Он не обрадовался моим словам. Но и не встревожился.
Лодка отвезла нас и наш багаж к молу Святой Каталины. Мы не поехали в Лас-Пальмас, а нашли маленький пансион в Пуэрто-де-ла-Лус
{171}
— среди амбаров, складов, портовых лавочек и контор, по ту сторону от границы благосостояния: там, где свет европейских жизненных стандартов уже меркнет. Улица пахла просмоленными канатами, масляной краской и гнилыми фруктами. В первые дни нашего пребывания там дул тягостный ветер. Пыль и песок с дюн забивали ноздри и попадали в глаза. Красивый город с белыми домами и расточительным великолепием гордых пальм, который, как здесь говорят, издали кажется африканским, а на самом деле — такой же европейский по своему устройству и обычаям, как любой из городов католической Испании: этот белый город с его не столь белой гаванью был мне совершенно безразличен. (Но со временем я научился радоваться его красотам.) Здесь же постоянно возобновлялось однотонное дребезжание пригородного парового автобуса. Здесь были: шум от пароходов и матросов, которых хватало и на палубах, и в гавани, свист ветра и звяканье гвоздей, сыплющихся из лопнувших ящиков, скрежет тележных колес, истеричные гудки автомобилей. Была заметная разница между променадом вдоль берега и неухоженными улицами. Были люди. Под их одеждой, свидетельствующей о беспросветной бедности, я распознавал всю ту же непостижимую человеческую кровь: бессчетное множество всевозможных смесей, поразившее меня еще в Кейптауне; но только здесь над темными оттенками кожи преобладали более светлые тона.

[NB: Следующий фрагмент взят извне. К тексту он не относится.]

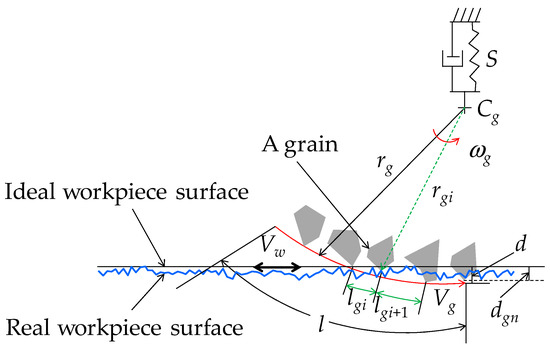 Regarding the variability in the depth of cut of an abrasive grain as schematically illustrated in Figure 5, the following considerations can be made. Let d be the expected depth of cut. An abrasive grain may not attain this depth of cut, as it might have been truncated, worn, or even lost during the grinding operation. Therefore, the distance between the outermost cutting point of an abrasive grain and the center of the grinding wheel (Cg), denoted as rgi, is most likely to be less than rg, i.e., rgi ≤ rg. Therefore, the actual depth of cut of an abrasive grain, denoted as dgi, is randomly distributed in the following interval:
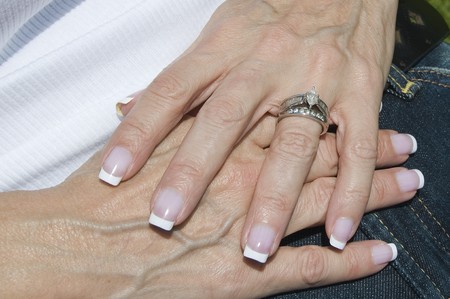 Well manicured female hands with wedding band and engagement ring
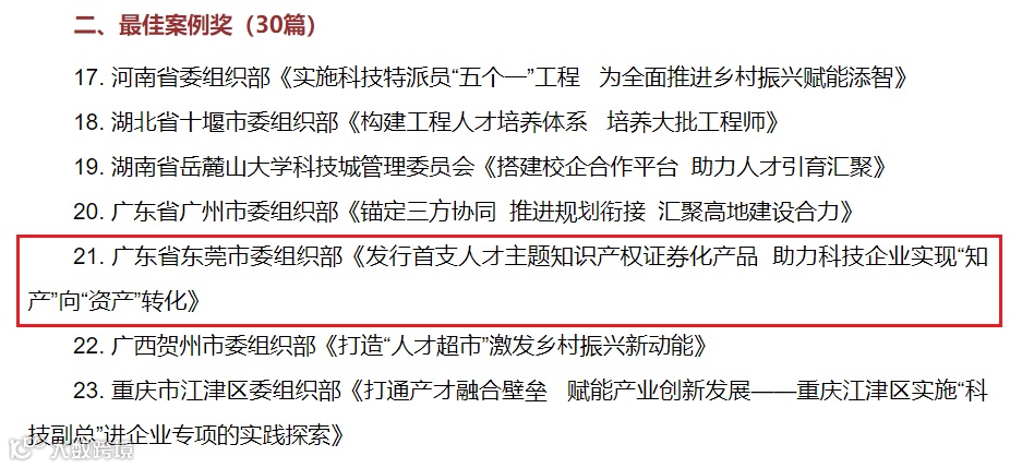 东莞控股公司下属企业融通租赁公司发行的全国首支“人才”主题知识产权证券化产品获评2023年全国人才工作创新案例“最佳案例奖”
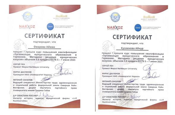 С 5 по 7 июня 2023 года Дюссельдорфский университет имени Генриха Гейне совместно с Центром немецкого права Университета КАЗГЮУ имени М.С. Нарикбаева, Университетом Нархоз и при финансовой поддержке DAAD провели курс повышения квалификации «Организация юридического образования в Германии. Методика решения юридических казусов».
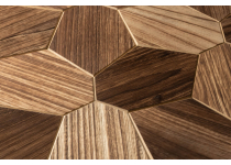 Dekoratívny obklad sauny, materiál jaseň thermowood. Približný rozmer štvorcov 58x58mm a panelu 115x740mm s hrúbkou 3-22mm.

Наряду с гордыми белокожими испанцами — их называли сеньорами, даже если они работали портовыми грузчиками, — попадались и люди неведомого этнического происхождения, узнаваемые по тем или иным признакам. Скажем, последние потомки королей, чьи мумии хранятся в музеях острова: лишенные земли, живущие в изгнании, оскверненные еще в материнской утробе и десятки раз оскверненные в лице своих предков, вновь и вновь порабощаемые, с самого детства… У них ничего не осталось, кроме рыжих, как флаг, волос и голубого морского блика во взгляде. Серые, зеленоватые, водяного цвета глаза на бледных или слегка загорелых лицах… Колумб когда-то молился на этом побережье, в монашеском скиту Сан-Антонио-Абад; и, судя по присущей ему христианской бесчеловечности, вполне можно предположить, что здесь же он выставлял для продажи в рабство услужливых гуанчей
{172}
, «не знавших, как пользоваться мечом». А если он этим пренебрег, то другие мореплаватели уж точно приволакивали живой товар сюда. В эти края часто заносило с востока сыновей Африки: гордых гигантов байо
{173}
и ароматную молодую поросль племен с более хрупким телосложением. Темные источники — груди и лона негритянок — от забот не становились бесплодными… Здесь нам попадался всякий сброд: бездельники, нищие, рабочие, живущие на случайные заработки; как говорится, невеликие пташки — чаще трусливые, чем дерзкие, надеющиеся лишь на то, что как-нибудь сумеют себя прокормить. Но порой среди них можно было увидеть человека, одаренного необычайно высоким ростом: воскресшего короля, черного или белого, байо или гуанчо.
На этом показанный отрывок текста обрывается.